Please work out how many lines in the entries contain "Labākais", then give that number with nothing added.
[Opening DATA RECORDS section]
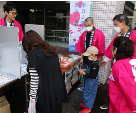
四日市大学祭での選挙啓発の様子
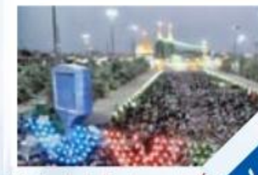
أفراح ومواليد أهل البيت
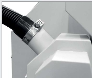
BB 250 XL 和 BB 400 XL: 吸塵器接口
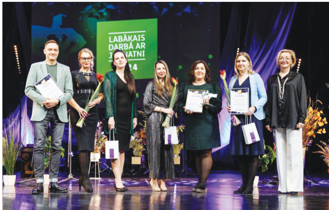
Attēlā: Šogad konkursa "Labākais darbā ar jaunatni 2024" gaitā īpaši uzsvērtā dažādība un radošums jaunatnes jomā.

Decembra sākumā konkursa "Labākais darbā ar jaunatni 2024" svinīgajā ceremonijā Cēsu novada pašvaldība godināta par izciliem sasniegumiem jaunatnes darbā, iegūstot nomināciju "Līdzdalības stiprinātājs".
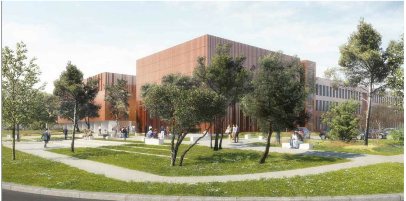
Memento à Agroparc.
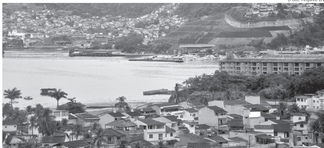
Frequência a praias de Angra dos Reis volta a ser permitida, com limitações

As residências desta modalidade terão que passar por higienização diária com troca de roupa de cama e de banho. A realização de festas, eventos ou churrascos nestas propriedades permanecem proibidas.
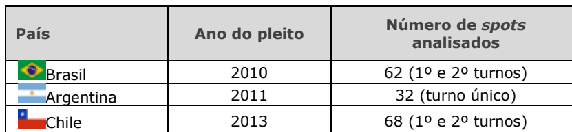
Tabela 1 Corpus empírico e pleito eleitoral de cada país analisado 1
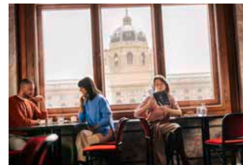
Kunsthistorisches Museum Wien

Das Klangmuseum ◆ ARNOLD SCHÖNBERG. VISIONÄR DER KUNST (bis/ until 6.1.) 1., Seilerstätte 30 täglich/ daily 10.00–22.00 24.12. 10.00–18.00 www.hdm.at
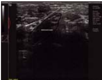
Rycina 6.15 A i B.

A. Identyfikacja splotu ramiennego z dostępu szyjnego przy użyciu USG. B. Obraz splotu ramiennego z dostępu szyjnego (plaster miodu); widoczna igła, przez którą podawany jest LZP (obraz USG opracował dr T. Wiśniewski).
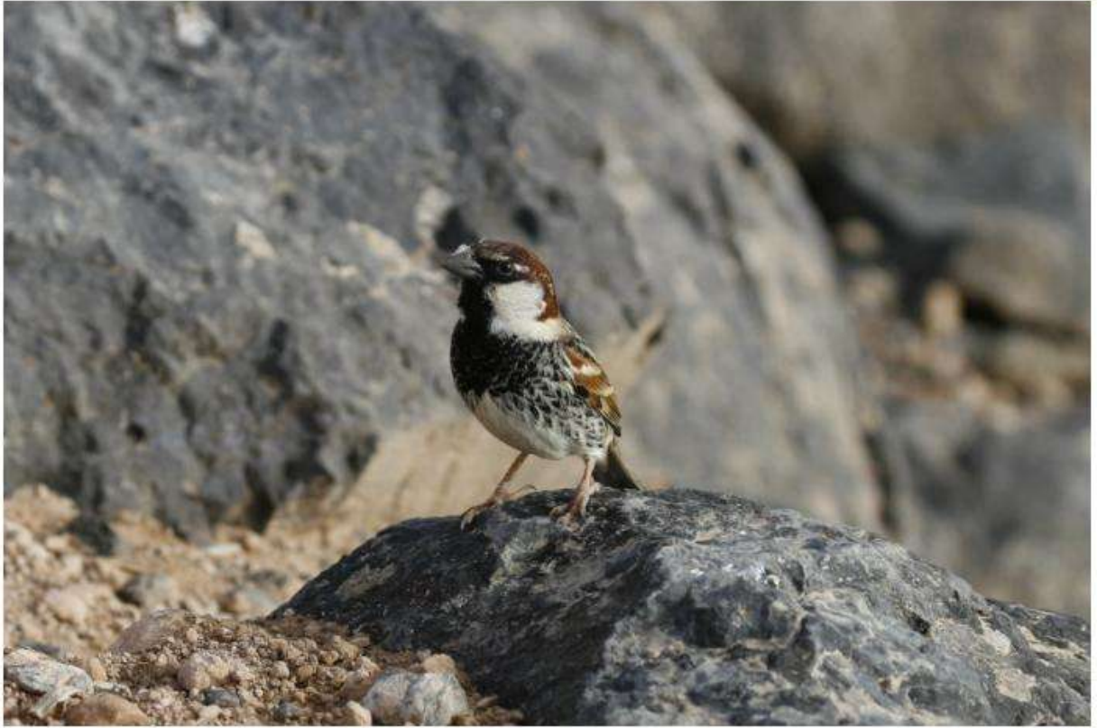
Moineau espagnol, Caleta de Fuste
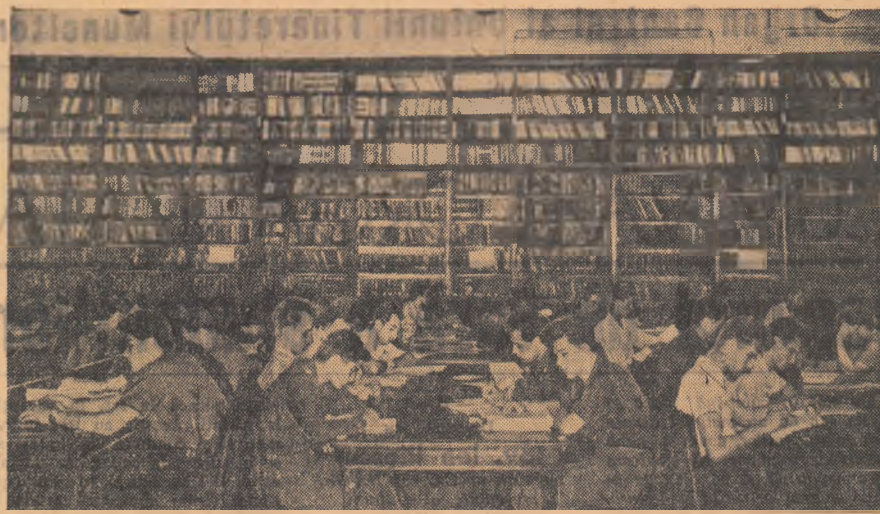
Un aspect obișnuit: studenți pregătindu-se în bibliotecă pentru examenele de sfîrșit de an.
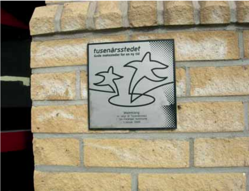
Malmklang som tusenårsstad og symbol på «det gode kulturlivet».

aktørar som føler dei blei inspirerte av å jobbe i huset, og det gjeld publikum som seier at det skjedde noko med ein når ein kom inn der. Den spesielle Malmklang-atmosfæren eller Malmklang-magien gjorde huset til eit lokalt kultursymbol, noko også statusen som tusenårsstad er uttrykk for. Mange har også lagt vekk på huset si tyding som storstove og møteplass og brubyggjar mellom ulike fasar og delar av kulturlivet, eksemplifisert ved at både det profesjonelle teateret og revygruppa hadde tilhald der. Primus motor i revyarbeidet omtalar huset som eit samlingspunkt: «Du traff alltid nokon der som ikkje hadde noko med ditt å gjere.»
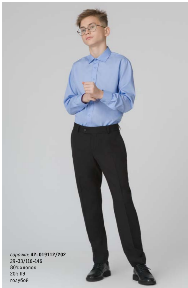
сорочка: 42-019112/202 29-33/116-146 80% хлопок 20% ПЭ голубой
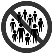
大勢がいる 密集場所
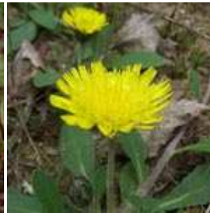
Hieracium pilosella - Kleines Habichtskraut
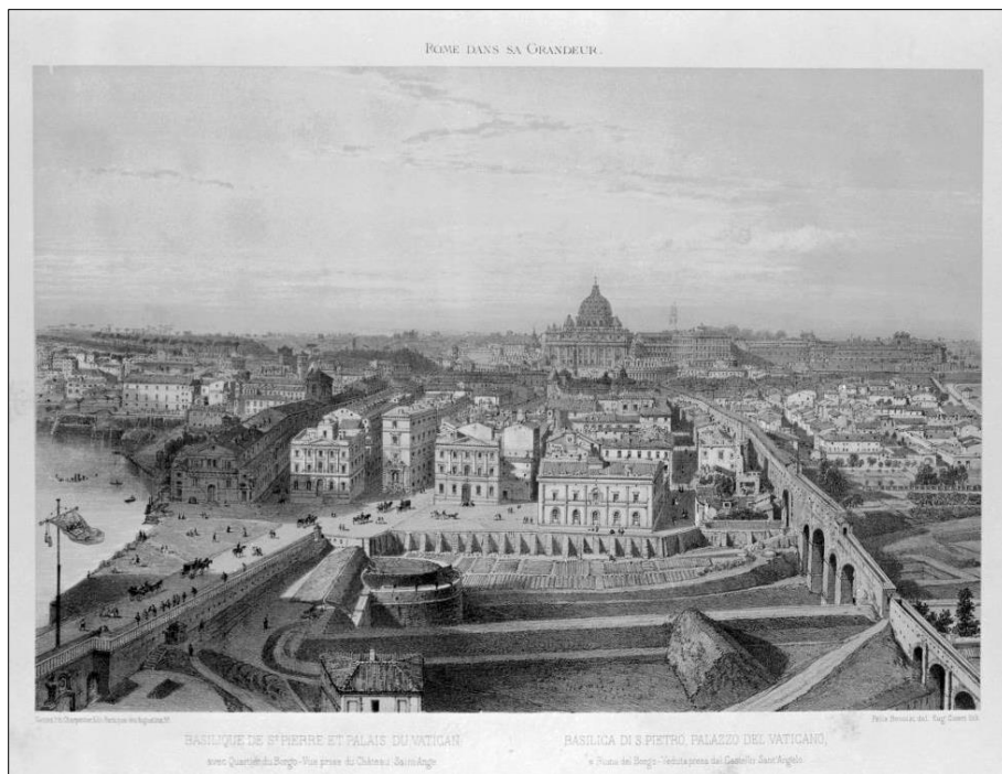
Figura 1. Veduta da Castel Sant'Angelo di San Pietro. Philippe Benoist, 1870
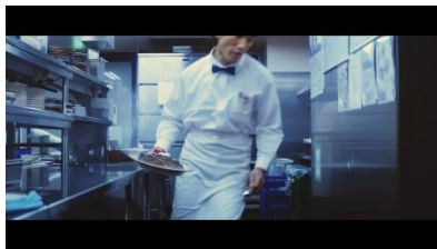
オーダーが入りステーキをサーブする 臨場感溢れるシーンは必見
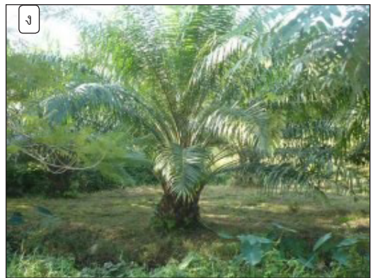
รูปที่ 1 ปาล์มน้ำมันที่ใช้ในการศึกษา (ก) ปาล์มน้ำมันอายุ 2 ปี ในพื้นที่นาร้าง (ข) ปาล์มน้ำมันอายุ 4 ปี ในพื้นที่นาร้าง (ค) ปาล์มน้ำมันอายุ 2 ปี ในพื้นที่เหมาะสม (ง) ปาล์มน้ำมันอายุ 4 ปี ในพื้นที่เหมาะสม

(Completely Randomized Design: CRD) [11] และเปรียบเทียบค่าเฉลี่ยโดยวิธี T-test
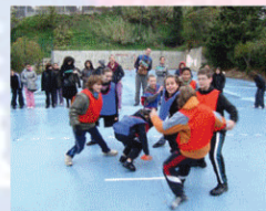
E - Education sportive
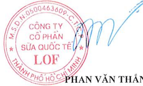
PHAN VĂN THẮNG

(Ký, ghi rõ họ tên, chức vụ, đóng dấu) (Signature, full name, position, and seal)
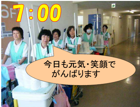
朝一番に各持ち場のトイレ清掃に向かいます。

私たちは患者様が快適な入院生活を送り、またご来院の方が気持ちよく利用していただけるように院内の清潔清掃に日々努力しています。そこで私たちの作業風景を、一部ですが紹介させていただきます。
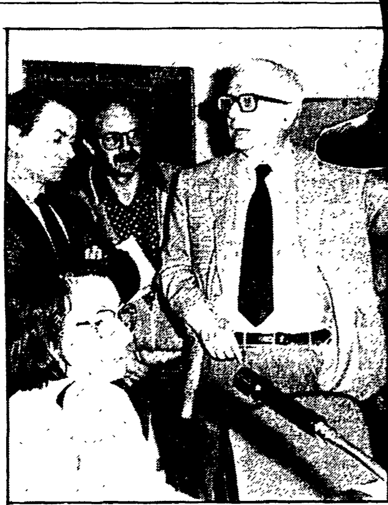
Enzo Biagi tra i suoi collaboratori nella redazione di «Linea diretta»

Finisce stasera un'avventura durata sei mesi. L'avventura televisiva di «Linea diretta». Quando Enzo Biagi mi propone di lavorare con lui, ancor prima di Natale, non ho la minima idea di cosa si tratti. Serviranno i tanti anni di esperienza giornalistica nella «carta stampata», o bisognerà ricominciare da capo? Dovremo fare, spiega Biagi, un programma di mezzora, tutte le sere, per cinque sere la settimana. Scegliere il fatto, l'argomento del giorno più importante, e scavarci dentro: per portarne alla luce i protagonisti, i precedenti, per farne scaturire cause e ragioni. Senza tesi preconcette, senza condizionamento alcuno, con l'idea-forza di lasciare parlare esclusivamente i fatti. Sembra l'Abc del giornalismo, ma solo ad enunciarli, simili concetti suscitano stupore, tensione, allarme. «La rivoluzione di Enzo Biagi» si legge sui settimanali. Siamo così abituati a un'informazione avvolta nelle veline del «Palazzo», che basta poco per far pensare a qualcosa di dirimpente.
[Closing DATA RECORDS section]
◆ EXPECTED OUTPUT
2